──この本を書いた目的だが、外交政策について新しい考え方を採用するよう米政府に促したかったのか。それとも米国が衰退している国ではないことを同盟国や潜在的な敵国に示したかったのか。
両方だ。私はあの本を学術的に価値あるものにしようとして、脚注と参考文献を付した。世界における米国の役割について心配している、米国や外国の人たちに向けて書いたものだ。
──米国の外交政策の一般的な傾向について教えてほしい。ブッシュ政権は非常に干渉主義的で、オバマ政権はそれと比較して退いているようにみえる。
米国の外交政策には「非妥協主義」である時期と、退いている時期がある。後退することは「孤立政策」とは違う。後退は戦略的な目標と手段の調整を行う時期だ。アイゼンハワー大統領は退いた政策をとり、オバマ大統領はアイゼンハワーの政策を思わせるものがある。対照的にブッシュ大統領は非妥協主義者だった。私は、非妥協主義は退く政策より深刻な問題を引き起こすことが多いと主張する者だ。しかし、退きすぎも問題になり得るため、それを心配している。

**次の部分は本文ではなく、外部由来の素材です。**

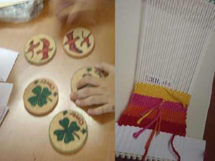 敬老の集いに向け、老人クラブの方々への手紙やコルクコースターが完成していってます。終わった人は自分の「織物」の学習・作業をやります。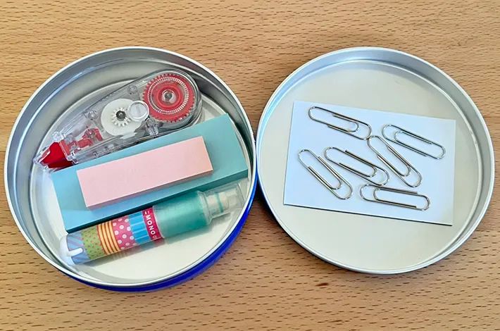 筆者が使った、169gの大きめサイズの缶なら、付箋や修正テープなどを収納できますよ。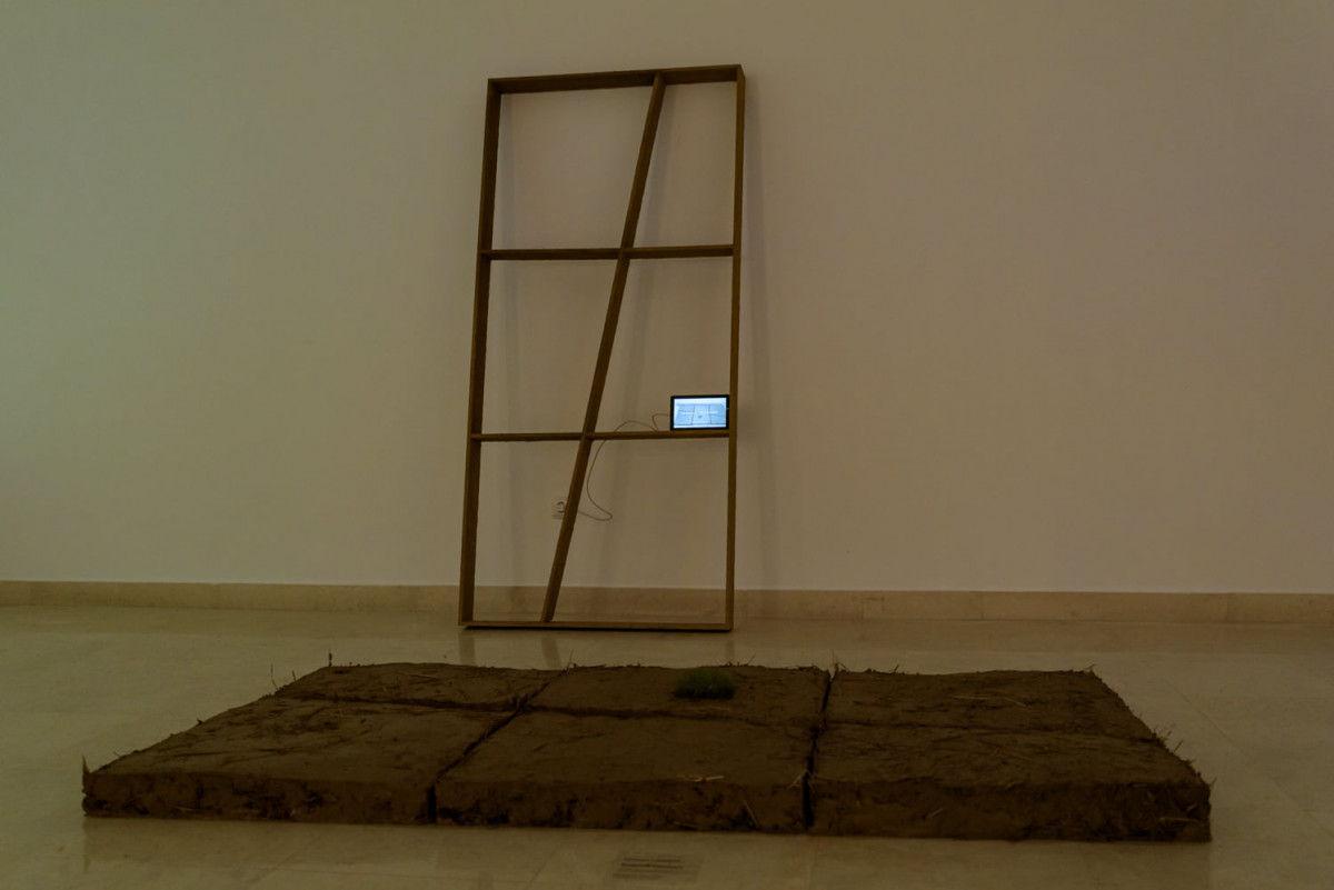 instalație eco-media performing arts, 2020-2021 pământ, iarbă, bălegar de cal, cofrag din lemn documentar video, 2 min, colaborator Alin Iacob

例えば、「海洋法に関する国際連合条約」の批准を拒否するうえで米国の議会が果たした役割をみてほしい。議会は国際通貨基金における新興国の出資割当額を上げるという、すでに達成されていた合意を推し進めることを拒否した。愚かな判断であり、世界における米国の立場を損なうものだ。
こうした全般的な議論に加えて、具体的な地域について検討することが重要だ。アジアや欧州はもちろん、中南米やアフリカで退くことも米国にとって賢明ではない。
中東への関与は抑制しなければならない
しかし、中東の場合、さまざまな種類の変革の時期がこれから訪れる。いわゆる「オスマン帝国の行政区画」で現在起こっているように、ある国では国境が変わることになるだろう。宗教的な対立もますます増える。アラブの春で起こったように、近代化の遅れに対する民衆の不満が顕在化するに違いない。

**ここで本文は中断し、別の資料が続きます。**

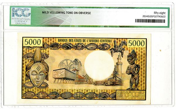 Central African Republic. Issued 5000 Francs, ND (1974), P-3b BEAC B3b. ICG AU+ 58* with comment "Mild yellowing tone on obverse". BdF.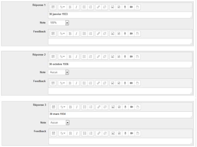 Si plusieurs bonnes réponses sont acceptées, il faut répartir le score en pourcentage sur 100. On peut également attribuer des notes négatives pour les éléments de réponses faux, afin d'éviter que le participant ait une bonne note en cochant toutes les réponses proposées.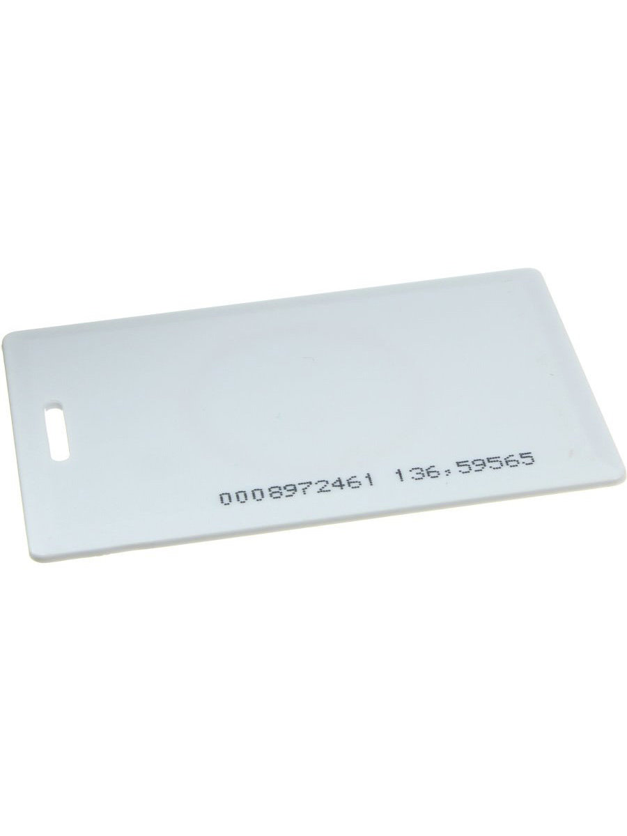 Стандартная Proximity карта EM-Marin с прорезью. Предназначена для использования совместно с устройствами контроля доступа в помещениях в качестве ключа доступа.
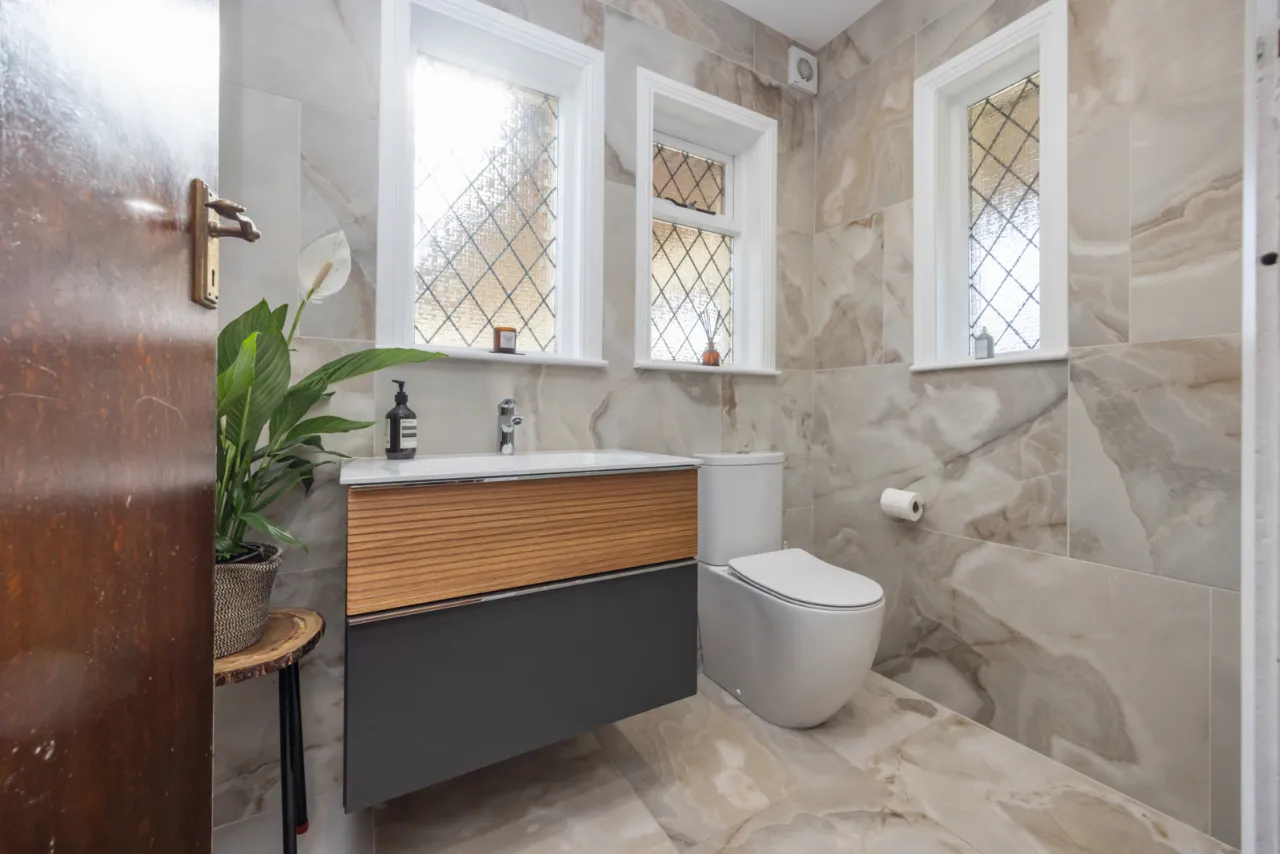 Contemporary white suite comprising: Low flush WC, wash hand basin with chrome mixer taps set in vanity unit, fully tiled walls, ceramic tiled floor, heated towel radiator, extractor fan, illuminated wall mirror.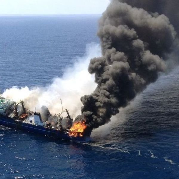 Ugunsgrēks izcēlies brīdī, kad degviela pārkrauta no viena kuģa otrā. Glābjoties no nāves briesmām, abu kuģi jūrnieki metušies pāri bortam jūrā.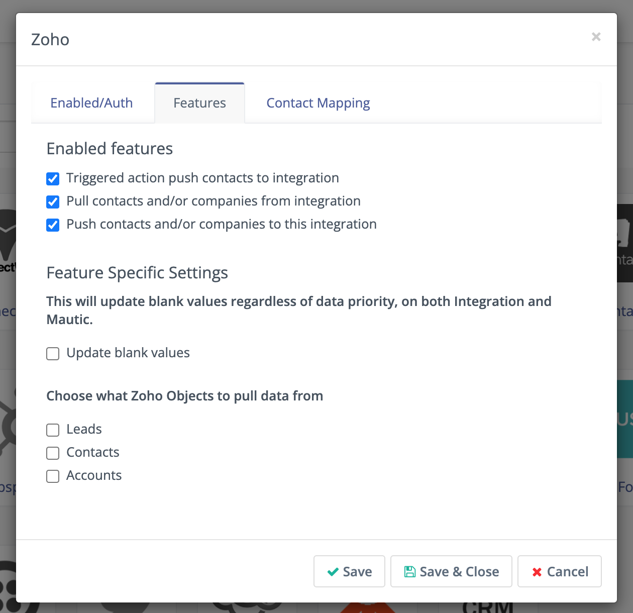 If the values are empty for the Mautic object, a value of ‘Unknown’ is sent. If the ZohoCRM field is a pick list, be sure the list values of Mautic’s field match those of the field in ZohoCRM.
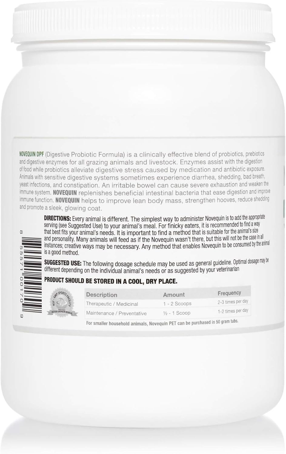Anxiety, stress, physical strain, and ageing all contribute to the health of your large animal's digestive health and wellbeing. Novequin DPF was developed to help keep your large animal's digestive system happy, healthy, and working well through a proprietary blend of all-natural prebiotics, probiotics, and enzymes. With ingredients like protease to break down proteins, amylase to digest starch, and hemicellulase and cellulase to break down fiber, Novequin DPF aids in alleviating stressor-related issues like diarrhea, shedding, bad breath, yeast infections, and constipation through your animal's entire life cycle.

こういった種類の変革はすぐには終わらない。状況はフランス革命に少し似ている。フランス革命は1789年に始まって、ウィーン会議により表面的な安定が欧州で回復したのは25年後の1815年のことだ。このような状況において外部から介入して出来事をコントロールしようとするのは、状況を良くするより悪くすることの方が多い。プロイセン、オーストリアおよび英国はフランスの出来事をコントロールしようとして、そのことに気づいた。
米国は中東について、変わっていく協力国をどう利用するかを学び、可能な場合、働きかけを行う必要がある。しかし、変革をコントロールすることは、米国の能力でも、他のどんな中東以外の国の能力でも不可能なことを受け入れなくてはならない。中東に関しては、変革の影響を抑制する観点から政策を考えることが必要だ。